The ABC(DE) of ADTs in Advanced Prostate Cancer
Jointly provided by
Support for this activity has been provided through an educational grant from Pfizer Inc and Myovant Sciences Ltd.
Release date: 3/1/2022
Expiration date: 3/1/2023
Estimated time to complete: 1.0 hour
Overview
Prostate cancer is the most common cancer in men in the U.S., responsible for an estimated 248,530 new cases and 34,130 deaths in 2021. For patients diagnosed with advanced prostate cancer, androgen deprivation therapy (ADT) plays a major role in treatment but may be associated with a broad range of adverse effects. Of these, increased risk of cardiovascular (CV) events is among the most serious, as cardiovascular disease (CVD) is the most common non-cancer cause of death in patients with prostate cancer.
For physicians providing care to patients with advanced prostate cancer, staying current on the factors associated with safe, effective ADT use—indications for use, CVD risks, and comparative clinical efficacy of ADT agents—is essential.

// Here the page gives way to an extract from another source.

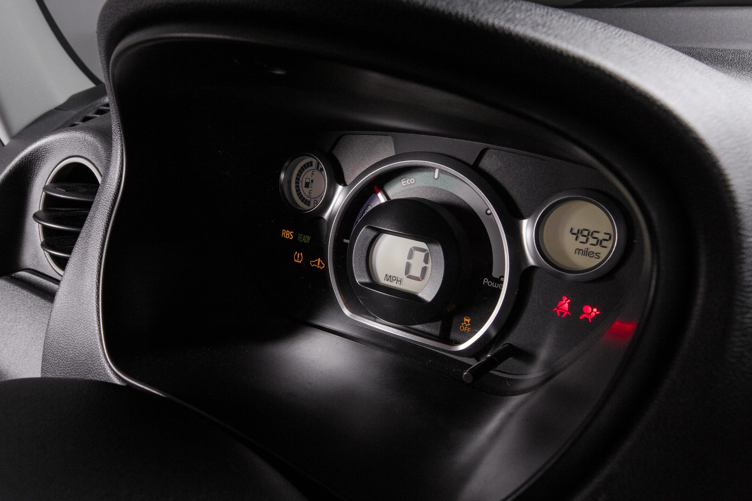 Den Mitsubishi i-MiEV 16 kWh har begrænsede opbevaringsmuligheder i kabinen.

Of particular importance is the incorporation of the ABCDE algorithm (awareness, blood pressure monitoring, cholesterol management and cigarette avoidance, diet and diabetes, and exercise) into the advanced prostate cancer management paradigm to help prevent and manage CVD in patients with advanced prostate cancer who are receiving ADT.
Developed for urologists, oncologists, and radiation oncologists, this Virtual Practice uses a hands-on, case-based approach to discussing recommended considerations and strategies for managing CVD risk and optimizing outcomes when providing ADT to patients with advanced prostate cancer.
Faculty
Alicia K. Morgans, MD, MPH—Program Chair
Genitourinary Medical Oncologist
Medical Director, Survivorship Program
Dana-Farber Cancer Institute
Boston, Massachusetts
Pedro Barata, MD, MSc
Assistant Professor of Medicine
Tulane University
New Orleans, Louisiana
Matthew Smith, MD, PhD
Professor of Medicine
Harvard Medical School
Director of Genitourinary Malignancies Program
Massachusetts General Hospital
Boston, Massachusetts
Target Audience
This activity has been designed to meet the educational needs of medical oncologists, urologists, radiation oncologists, and other health care providers involved in the care and treatment of patients with advanced prostate cancer.
Learning Objectives
Upon completion of this activity, participants should be better able to:
- Evaluate patient CVD risk and cardiovascular safety data when selecting ADT for patients with advanced prostate cancer
- Evaluate the clinical efficacy of gonadotropin-releasing hormone (GnRH) agonists and antagonists in the setting of advanced prostate cancer
Accreditation and Credit Designation
This activity has been planned and implemented in accordance with the accreditation requirements and policies of the Accreditation Council for Continuing Medical Education (ACCME) through the joint providership of the University of Cincinnati and RedMedEd. The University of Cincinnati is accredited by the ACCME to provide continuing medical education for physicians.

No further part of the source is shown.